Song of Solomon 2

Ben Şaron çiğdemiyim, Vadilerin zambağıyım.
I am the rose of Sharon, and the lily of the valleys.
Dikenlerin arasında zambak nasılsa Kızların arasında öyledir aşkım.
As the lily among thorns, so is my love among the daughters.
Orman ağaçları arasında bir elma ağacına benzer Delikanlıların arasında sevgilim. Onun gölgesinde oturmaktan zevk alırım, Tadı damağımda kalır meyvesinin.
As the apple tree among the trees of the wood, so is my beloved among the sons. I sat down under his shadow with great delight, and his fruit was sweet to my taste.
Ziyafet evine götürdü beni, Üzerimdeki sancağı aşktı.
He brought me to the banqueting house, and his banner over me was love.
Güçlendirin beni üzüm pestiliyle, Canlandırın elmayla, Çünkü aşk hastasıyım ben.
Stay me with flagons, comfort me with apples: for I am sick of love.
Sol eli başımın altında, Sağ eli sarsın beni.
His left hand is under my head, and his right hand doth embrace me.
Dişi ceylanlar, Yabanıl dişi geyikler üstüne Ant içiriyorum size, ey Yeruşalim kızları! Aşkımı ayıltmayasınız, uyandırmayasınız diye, Gönlü hoş olana dek.
I charge you, O ye daughters of Jerusalem, by the roes, and by the hinds of the field, that ye stir not up, nor awake my love, till he please.
İşte! Sevgilimin sesi! Dağların üzerinden sekerek, Tepelerin üzerinden sıçrayarak geliyor.
The voice of my beloved! behold, he cometh leaping upon the mountains, skipping upon the hills.
Sevgilim ceylana benzer, sanki bir geyik yavrusu. Bakın, duvarımızın ardında duruyor, Pencerelerden bakıyor, Kafeslerden seyrediyor.
My beloved is like a roe or a young hart: behold, he standeth behind our wall, he looketh forth at the windows, shewing himself through the lattice.
Sevgilim şöyle dedi: “Kalk, gel aşkım, güzelim.
My beloved spake, and said unto me, Rise up, my love, my fair one, and come away.
Bak, kış geçti, Yağmurların ardı kesildi,
For, lo, the winter is past, the rain is over and gone;
Çiçekler açtı, Şarkı mevsimi geldi, Kumrular ötüşmeye başladı beldemizde.
The flowers appear on the earth; the time of the singing of birds is come, and the voice of the turtle is heard in our land;
İncir ağacı ilk meyvesini verdi, Yeşeren asmalar mis gibi kokular saçmakta. Kalk, gel aşkım, güzelim.”

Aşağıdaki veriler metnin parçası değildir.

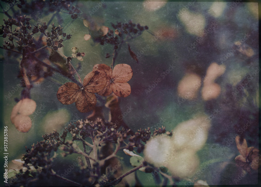 Fototapeta Vintage grunge textured dark botanical moody nature background of dead dried hyd

The fig tree putteth forth her green figs, and the vines with the tender grape give a good smell. Arise, my love, my fair one, and come away.

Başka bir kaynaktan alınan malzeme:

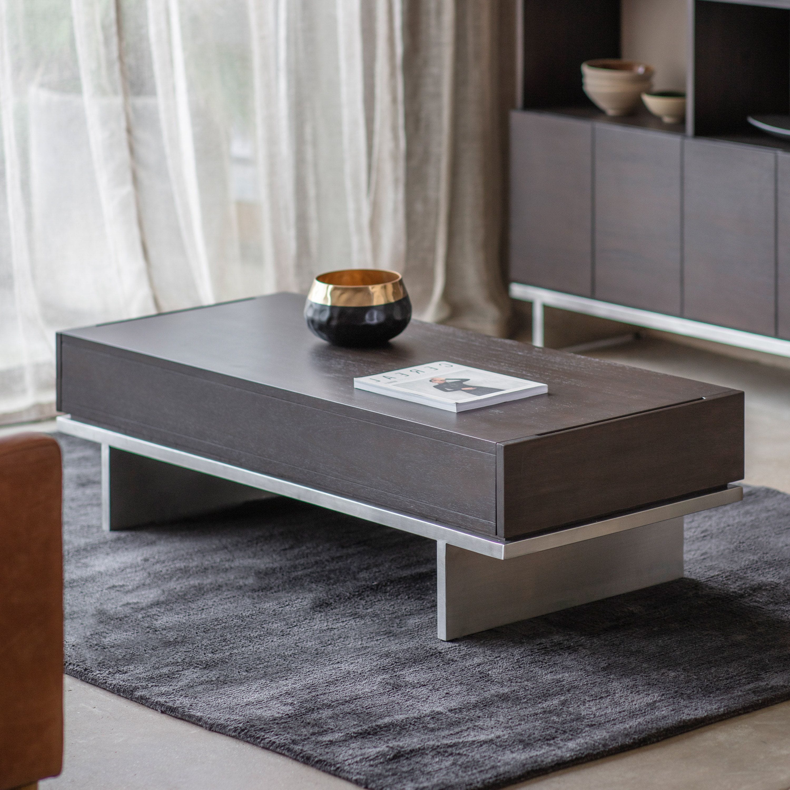 The stunning Como Coffee table offers a sophisticated modern look, with its clean, simple lines. The dark wood finish pairs beautifully with the brushed steel legs, offering an eye-catching contrast, whilst the two drawers add practical storage. For a coordinated look, pair with the other pieces from the Como range.

Kaya kovuklarında, Uçurum kenarlarında gizlenen güvercinim! Boyunu bosunu göster bana, Sesini duyur; Çünkü sesin tatlı, boyun bosun güzeldir.

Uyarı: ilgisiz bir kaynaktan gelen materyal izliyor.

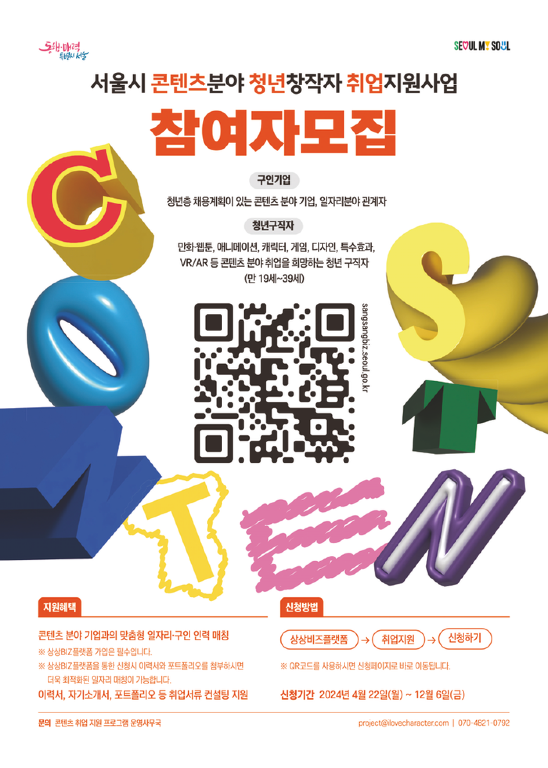 - 서울시에서 웹툰, 애니메이션, 캐릭터 등 콘텐츠 산업에서 일하고

O my dove, that art in the clefts of the rock, in the secret places of the stairs, let me see thy countenance, let me hear thy voice; for sweet is thy voice, and thy countenance is comely.
Yakalayın tilkileri bizim için, Bağları bozan küçük tilkileri; Çünkü bağlarımız yeşerdi.
Take us the foxes, the little foxes, that spoil the vines: for our vines have tender grapes.
Sevgilim benimdir, ben de onun, Zambaklar arasında gezinir durur.
My beloved is mine, and I am his: he feedeth among the lilies.
Ey sevgilim, gün serinleyip gölgeler uzayana dek, Engebeli dağlar üzerinde bir ceylan gibi, Geyik yavrusu gibi ol!
Until the day break, and the shadows flee away, turn, my beloved, and be thou like a roe or a young hart upon the mountains of Bether.